Given 1000 materials each day, the manufacture can only produce around 800 foods with left over 200 materials from the first pipeline and around 100 produced foods not sampled by humans. Also, most of the times 5 to 10% output got rejected due to the taste is not good, "a little bit stale" according to one of the human that test it, "taste weird" according to others.
The inspector trying to figure out why there is a left over materials and why some finished foods is rejected. First, they measure the time in each pipeline, how long the process take times from the start until it finished and get processed by the next pipeline. Second, they measure the number of input and output produced by each pipeline. Third they measure the number of sample that each quality assurance check each day.

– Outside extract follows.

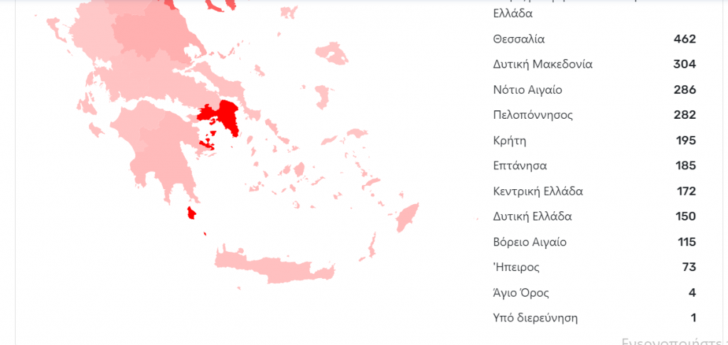 Ανεβαίνει ανησυχητικά το νησί στον σχετικό επίσημο πίνακα για την πορεία της πανδημίας στη χώρα.

After the data has been collected, the inspector see the report:
+-----------+----------------+-------------+--------------+--------------+ | Pipeline | Time (minutes) | Total input | Total output | Total sample | +-----------+----------------+-------------+--------------+--------------+ | 1st | 30 | 100 | 100 | 0 | +-----------+----------------+-------------+--------------+--------------+ | 2nd | 320 | 100 | 100 | 0 | +-----------+----------------+-------------+--------------+--------------+ | 3rd | 60 | 100 | 95 | 5 | +-----------+----------------+-------------+--------------+--------------+ | 4th | 60 | 95 | 9 boxes | 0 | +-----------+----------------+-------------+--------------+--------------+
The inspector see that the second pipeline take most of times and concluded that they need to add more machines to decrease the process.
The factory add the second machine to the second pipeline and gather new data.
+-----------+----------------+-------------+--------------+--------------+ | Pipeline | Time (minutes) | Total input | Total output | Total sample | +-----------+----------------+-------------+--------------+--------------+ | 1st | 30 | 100 | 100 | 0 | +-----------+----------------+-------------+--------------+--------------+ | 2nd | 110 | 100 | 100 | 0 | +-----------+----------------+-------------+--------------+--------------+ | 3rd | 110 | 100 | 95 | 5 | +-----------+----------------+-------------+--------------+--------------+ | 4th | 110 | 95 | 9 boxes | 0 | +-----------+----------------+-------------+--------------+--------------+
The time to process on the second pipeline decreased but the time on third and fourth pipelines now increased due to amount of input that need to be processed double.
A couple of weeks later, a government from public health department inspect the factory after some reports from people that they got sicks from the instant foods that the factory produced.
Upon inspection they found that 40% of raw materials that they use are not fresh and there is a dead insects in one of pipeline due to the sweetness that attract them.
* * *
All of the examples above is fictitious, especially the first one, since no sane manager could decide bonus based on number of distance.
The idea of this article is to show us that applying the "data-driven" in the wrong ways may result in the wrong decision, even worse, may blind us from the real issues and cause further damages to our self.